Six-hundred years later, the Scottish Olympian and preacher, Eric Liddell, offered some of my favorite words on strength when he addressed a crowd of enthusiastic spectators track-side and drenched in the pouring rain: And where does the strength come from to see the race to its end? From within.

Liddell’s words, made famous in the 1981 movie, Chariots of Fire, touch on the analogy that life is like a race. As with Paul, who used the very same analogy many times, Liddell knew well that the strength to face whatever race life might present comes from within. Life may well pour down on us. The strength to weather such downpours comes from Christ in us.
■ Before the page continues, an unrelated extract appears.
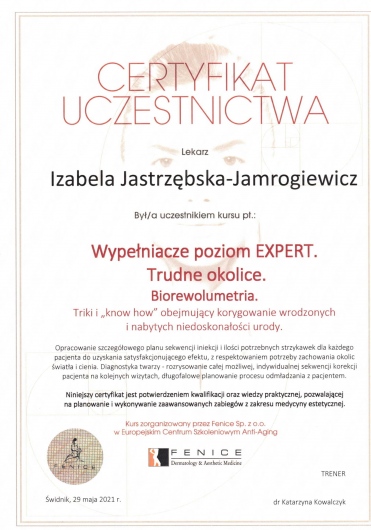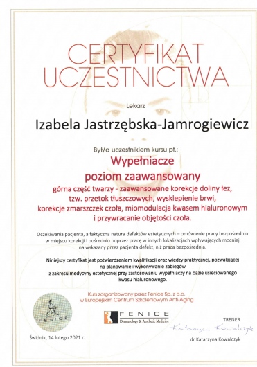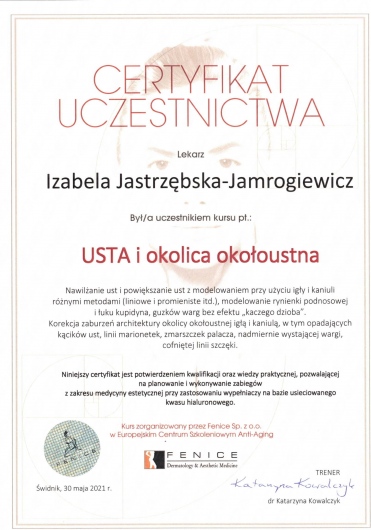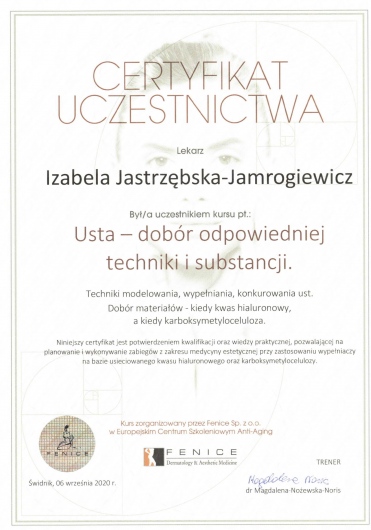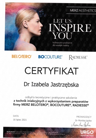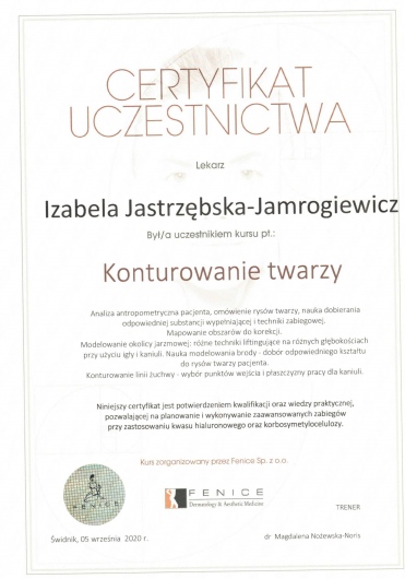Śledzi trendy w nowoczesnej medycynie estetycznej podnosząc kwalifikacje uczestnicząc w licznych kursach,szkoleniach i kongresach.

And lastly, in more recent times, the words of Martin Luther King Jr. echo those written and spoken by many voices over the last two-thousand years: In the midst of outer dangers, I have felt an inner calm and known resources of strength that only Christ could give. In many instances I have felt the power of God transforming the fatigue of despair into the buoyancy of hope (my emphasis).

Our lives can seem to be full of outer dangers. Our times and circumstances can be extremely challenging and may lead us to feel a sense of despair from time to time. I could certainly relate as I slowly began to lose my central vision. I feared for the future and for the challenges I would eventually face in my life.

As Martin Luther King Jr. wrote, the power of God transforms us. Christ living his life in us brings a strength we could never find on our own. I’m fifty-four years-old now and yes, I have lost all of my central vision, every last bit of it, just as the eye specialist said I would. Yet, I know I’ve been very fortunate to live many years learning how to do everything in life with only peripheral vision. I’ve learned how to face the fears and challenges of my vision, albeit not without some periodic worry. More than that, I’ve come to accept my vision as it is.

When we understand Christ lives his life in us, and we then live from that strength, our lives are transformed. We live in the reality of our humanity and the richness of Christ’s indwelling divinity. The two work together in beautiful harmony. Christ lives in us and we live in him. Living this way helps us to face whatever challenging times life may present.

Thankful for Christ in us—your friend and fellow partner,

Ed Dunn

P.S. From Greg: Many thanks Ed, amen and amen! Christ lives in us and we live in him. Thanks be to God for his amazing grace, and to Jesus, who walks all of our paths and roads with us, and willingly, out of his love, climbs in with us into the most unwelcome ditches and potholes we sometimes occupy. We thank God with a grateful heart that Christ lives in us and we live in him.